• Data extract:
-----

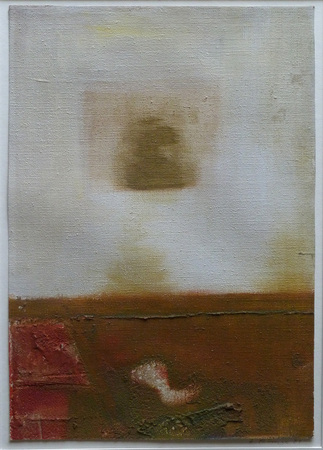 Titel: o. T.Ölfarben und Vogelsand auf Leinwand WV-Nr: M-1957-4553 Gattung: Materialbild Jahr: 1957 Technik: Assemblage Standort: Holger Runge
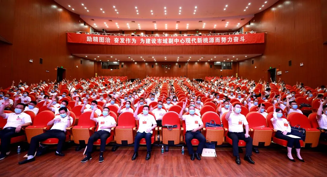 大會(huì)號(hào)召全縣各級(jí)黨組織和廣大黨員干部要更加緊密地團(tuán)結(jié)在以習(xí)近平同志 為核心的黨中央周圍,在省委、市委的堅(jiān)強(qiáng)領(lǐng)導(dǎo)下,在“一三五”發(fā)展思路的科學(xué) 引領(lǐng)下,不忘初心、牢記使命,勵(lì)精圖治、奮發(fā)作為,為建設(shè)“市域副中心,現(xiàn)代 新桃源”而努力奮斗。
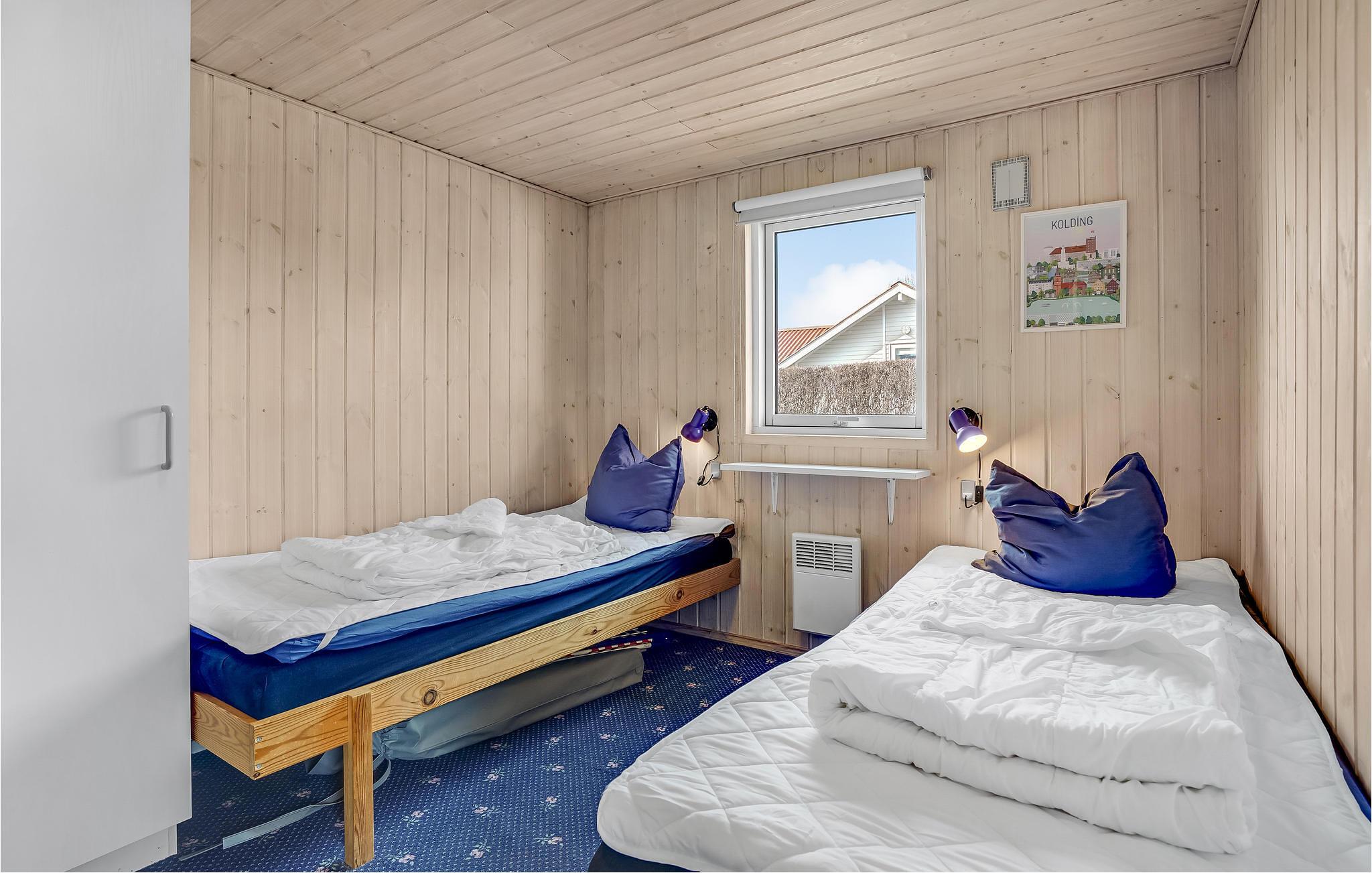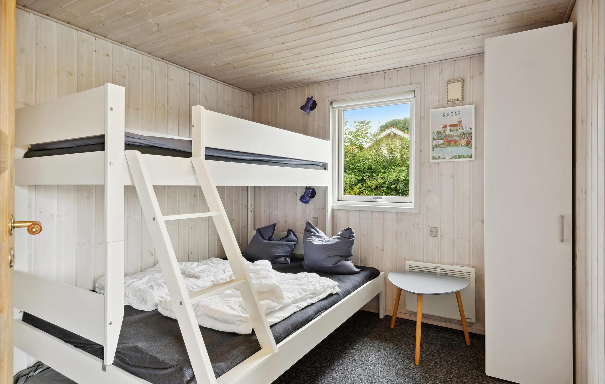 I Hejlsmindes sommerhus område ligger dette pæne og velholdte sommerhus på en lille rolig vej. På husets store og delvis overdækkede terrasse kan I nyde solen, spise dagens måltider og kigge på den skønne udsigt over skov og vand.. Huset er godt indrettet med komfortable senge og med god plads til alle i familien. Huset er velegnet til ferie både sommer og vinter da det er udstyret med brændeovn og varmepumpe. Hejlsminde ligger ved Lillebælt i et naturskønt område nær skov, strand, seværdigheder og naturattraktioner. Byen har en hyggelig bådehavn, og flere steder er der smuk udsigt til Fyn. Ikke langt fra Hejlsminde ligger det smukke naturområde Skamlingsbanken. Købstaden Christiansfeld er kendt i hele landet for sine honningkager, kakkelovne og spegepølser. I Kolding og omegn er en mangfoldighed af oplevelser – hvad end I vil holde ferie i børnehøjde, aktiv ferie, eller med kunst- og kulturoplevelser. Her kan nævnes Kunstmuseet Trapholt, Koldinghus, gågaderne med det hyggelige cafémiljø, eller Kolding Storcenter, der med sine mange butikker under et tag frister til indkøb af alt det I ellers ikke har tid til. Der er også mulighed for en tur i legeparken med mange gratis glæder. Både Legoland og Givskud løvepark ligger i overkommelig køreafstand.
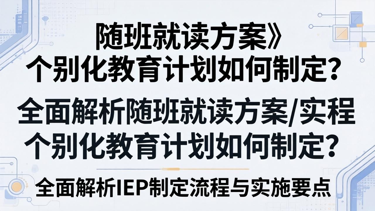 嗨,各位关注特殊教育的小伙伴们,今天咱们来聊聊一个挺重要的话题——残疾儿童随班就读的个别化教育方案(IEP)到底该怎么制定?🤔 说实话啊,这个问题可困扰着不少老师和家长呢!
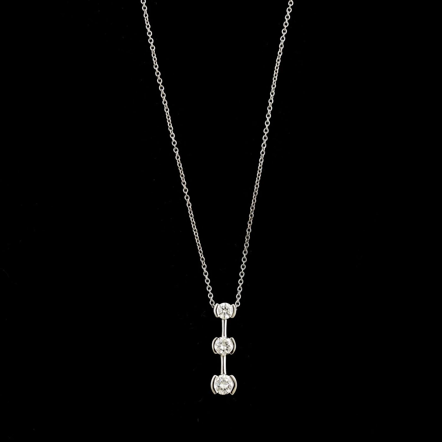 - The pendant is set with three full cut diamonds

-----

• Your instructions: In your answer, give every line of the listing above exactly, and do not include the images.

• Solution below:
 Titel: o. T.Ölfarben und Vogelsand auf Leinwand WV-Nr: M-1957-4553 Gattung: Materialbild Jahr: 1957 Technik: Assemblage Standort: Holger Runge
 大會(huì)號(hào)召全縣各級(jí)黨組織和廣大黨員干部要更加緊密地團(tuán)結(jié)在以習(xí)近平同志 為核心的黨中央周圍,在省委、市委的堅(jiān)強(qiáng)領(lǐng)導(dǎo)下,在“一三五”發(fā)展思路的科學(xué) 引領(lǐng)下,不忘初心、牢記使命,勵(lì)精圖治、奮發(fā)作為,為建設(shè)“市域副中心,現(xiàn)代 新桃源”而努力奮斗。
 I Hejlsmindes sommerhus område ligger dette pæne og velholdte sommerhus på en lille rolig vej. På husets store og delvis overdækkede terrasse kan I nyde solen, spise dagens måltider og kigge på den skønne udsigt over skov og vand.. Huset er godt indrettet med komfortable senge og med god plads til alle i familien. Huset er velegnet til ferie både sommer og vinter da det er udstyret med brændeovn og varmepumpe. Hejlsminde ligger ved Lillebælt i et naturskønt område nær skov, strand, seværdigheder og naturattraktioner. Byen har en hyggelig bådehavn, og flere steder er der smuk udsigt til Fyn. Ikke langt fra Hejlsminde ligger det smukke naturområde Skamlingsbanken. Købstaden Christiansfeld er kendt i hele landet for sine honningkager, kakkelovne og spegepølser. I Kolding og omegn er en mangfoldighed af oplevelser – hvad end I vil holde ferie i børnehøjde, aktiv ferie, eller med kunst- og kulturoplevelser. Her kan nævnes Kunstmuseet Trapholt, Koldinghus, gågaderne med det hyggelige cafémiljø, eller Kolding Storcenter, der med sine mange butikker under et tag frister til indkøb af alt det I ellers ikke har tid til. Der er også mulighed for en tur i legeparken med mange gratis glæder. Både Legoland og Givskud løvepark ligger i overkommelig køreafstand.
 嗨,各位关注特殊教育的小伙伴们,今天咱们来聊聊一个挺重要的话题——残疾儿童随班就读的个别化教育方案(IEP)到底该怎么制定?🤔 说实话啊,这个问题可困扰着不少老师和家长呢!
 - The pendant is set with three full cut diamonds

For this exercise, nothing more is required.